Cavan-based insulation maker Kingspan has had a tough time in the US over the years.
It sued the seller of access flooring company Tate, which it acquired in 2000 for about $120m (€93.4m). The vendor made representations and warranties that Kingspan later said were misrepresented and incorrect.
The Irish firm was subsequently awarded about $40m in an arbitration award. But things haven't always gone its way in the courtroom.
This year it lost a case in London where it sought substantial damages against a supplier of plastic that was used to make domestic oil and water tanks.
Back in the US, Kingspan has just launched a lawsuit in Texas, but it's small fry this time around.
It says it's owed about $80,000 (€62,000) from a subcontractor and is also holding others, including Boston-based insurance firm Liberty Mutual, accountable.
It's all related to a $600m makeover of the Corpus Christi Army Depot and Naval Air Station in Texas. Kingspan is arguing that a subcontractor received more products from Kingspan than paid for.
The real winners so far have been Kingspan's lawyers on the case -- a "reasonable fee" for their services already and to be rendered is about $26,500, according to the firm. Kingspan releases quarterly results later this month.
THINGS aren't getting any easier for the banks.
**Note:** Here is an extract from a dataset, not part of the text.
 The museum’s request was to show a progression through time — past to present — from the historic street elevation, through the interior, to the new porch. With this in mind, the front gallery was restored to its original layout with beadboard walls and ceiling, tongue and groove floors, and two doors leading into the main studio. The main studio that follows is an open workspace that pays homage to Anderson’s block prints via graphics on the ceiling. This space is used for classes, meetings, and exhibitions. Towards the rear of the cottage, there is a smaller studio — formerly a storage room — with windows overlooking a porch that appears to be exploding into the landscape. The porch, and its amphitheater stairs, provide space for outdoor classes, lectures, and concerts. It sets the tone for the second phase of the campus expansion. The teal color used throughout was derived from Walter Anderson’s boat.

After executives from Allied Irish Banks and Bank of Ireland had been raked over the coals in the Oireachtas earlier this week, it was Ulster Bank's turn in the spotlight yesterday.
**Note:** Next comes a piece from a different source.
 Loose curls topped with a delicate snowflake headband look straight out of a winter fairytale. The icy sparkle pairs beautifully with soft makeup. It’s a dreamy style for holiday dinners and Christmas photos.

This time it was in the form of its parent, Royal Bank of Scotland, posting another set of grim results, this time for the third quarter.
Ulster's figures told the same story of past quarters. At an operating level it is performing decently but provisions against losses and the technology glitch which stopped customers accessing their accounts for more than a fortnight in June and July have cost it dearly.
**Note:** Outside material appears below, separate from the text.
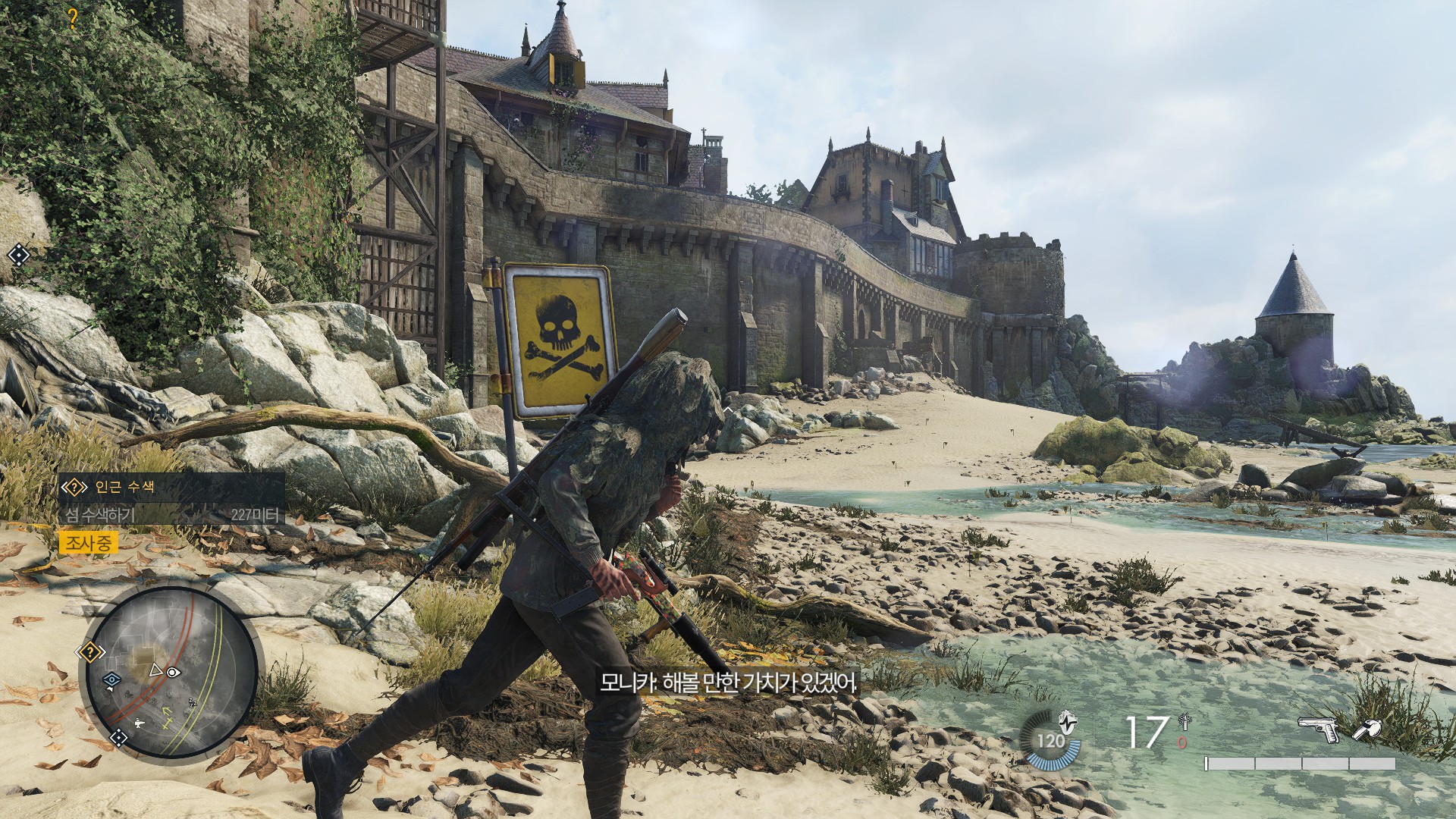 해안선을 따라서 침투하려고 하는데 지뢰가 깔려있습니다.

The bank, headed up by chief executive Jim Brown, has faced persistent questions about its future plans for Ireland in recent months, with speculation mounting that it could be preparing to leave the Irish market altogether.
A number of overseas lenders, most notably Bank of Scotland (Ireland) have left and are just maintaining their loan books here. Could Ulster follow them?
The bank won't comment other than to say it has a "strategy in place to address its cost to income ratio which remains too high".
If RBS does want to pull Ulster Bank out of Ireland, it would have to deal with the astronomical costs associated with winding the business up.
Unlike BOSI, which was a relative newcomer to Ireland, Ulster was set up here in 1836, employs 6,000 people and has about 1.9 million customers. The cost of closing a business of that scale probably prohibits any shutdown -- no matter how much RBS would like to do it.
FOR many a businessman, the prospect of buying a distressed asset is a juicy one and one worth chasing.
You'd most likely get it at a knock-down price, leaving you to swoop in, restructure it, and be left with the potential option of selling it on at a more favourable price at a later date.
Others just like the challenge of taking on a struggling company that they can put their own stamp on.
There is rarely a shortage of interested parties.
They talk up the prospect of saving jobs, but they invariably want only the good in the business.
They want nothing to do with the debt.
One party that expressed interest in Cappoquin Poultry, which was put into examinership in August, offered just that.
The challenge for those charged with finding a buyer is to find the right balance that appeases creditors and secures a future for the business.
The irony has not gone amiss. The fact that the Irish Bank Resolution Corporation -- formerly Anglo Irish Bank -- is the only one of Ireland's leading semi-state and private companies to have a fully funded pension pot will annoy those whose pensions have gone to tatters
Many defined benefit schemes are facing insolvency, and companies have been left trying to plug the black hole. The survey by Lane Clark & Peacock Ireland also revealed the IBRC had consistently reported a fully funded defined benefit pension scheme since the study began four years ago.
The obvious inference to take from the findings is that the bank was closely guarding its own money while wasting everyone else's.